Have you started your budgeting process yet for the 21/22 financial year?  Every business should have a financial plan for each year and now is the perfect time to start putting this in place.  Here are five tips to putting together a successful budget.

  1. Work out where you are going to end up in March 2021.  Now you have 7 months of actual financial figures from your business, you should have a reasonable feel for how the next 5 months are going to look.  Forecast these last 5 months into your figures so you have a complete year of sales and costs.  Of course, nobody has an accurate crystal ball, but it will be close enough to give you a base result to build on. Was our time through Covid tough for your business or was yours one of those that thrived through new innovation or tactics? Bear this in mind when you are looking to next year.

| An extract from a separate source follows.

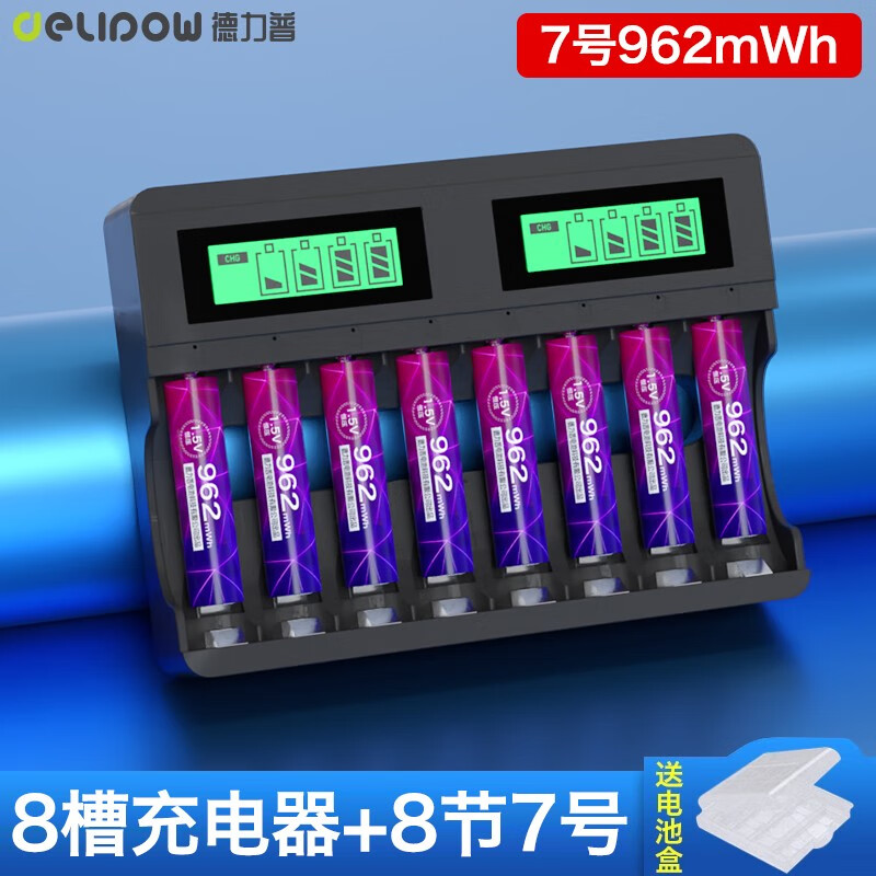 德力普(Delipow) 充电电池 7号锂电池 大容量3400mWh适用游戏手柄/键鼠/话筒/血压计 8槽液晶充电器+8节7号962mWh锂电池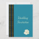 blue wedding invitation from bride and groom's parents, polka dots and rose.

  2. Work out what is going to stay constant and what is going to change next financial year.  You should be able to anticipate certain parts of your business, both sales and cost, that on the whole should stay similar to the current year.  This may include the market, large customers, ongoing repeat income, staff and overheads.  It is also important to identify the changes, such as new sales initiatives, additional staff or wages, increase in product costs or increase in overheads such as rent, vehicles or salaries.  All of these changes need to be costed and put into the appropriate budget line.
  3. Write down all your assumptions that you have based your figures on.  Budgets are a living document and should be reviewed at least quarterly for accuracy.  If you cannot remember the assumptions you made when you developed the budget, then you have nothing to test your numbers against when reviewing or revising your budget down the track.  Also, if you are using the forecast for further bank lending, the bank is going to want a clear understanding of your assumptions made.
  4. Get your key staff involved in the early process.  Your key staff are often instrumental to whether you meet your budget or not.  If they do not have input into some of the key initiatives or drivers for sales growth, resource requirements or cost savings then they are often blind to the changes required.
  5. Write down the plan for the changes required to meet your budget assumptions.  Numbers are only numbers and will not be reality without action.  Any new initiatives for sales growth, gross profit improvement or cost reduction needs someone to action it and a timeline showing when it is going to be done.  Write down all the initiatives identified, assign each one to someone responsible (often yourself) and when it needs to be in place to affect your budget.  Written down as a plan, it is more likely to get done and more likely you will achieve your budget.

Budgeting should be a fun exercise, not a laborious one.  This is a time to reflect on your current business and think about what could be.  Try and put the bones together now, reflect over the break, revisit in January and then have a completed budget in place by end of February.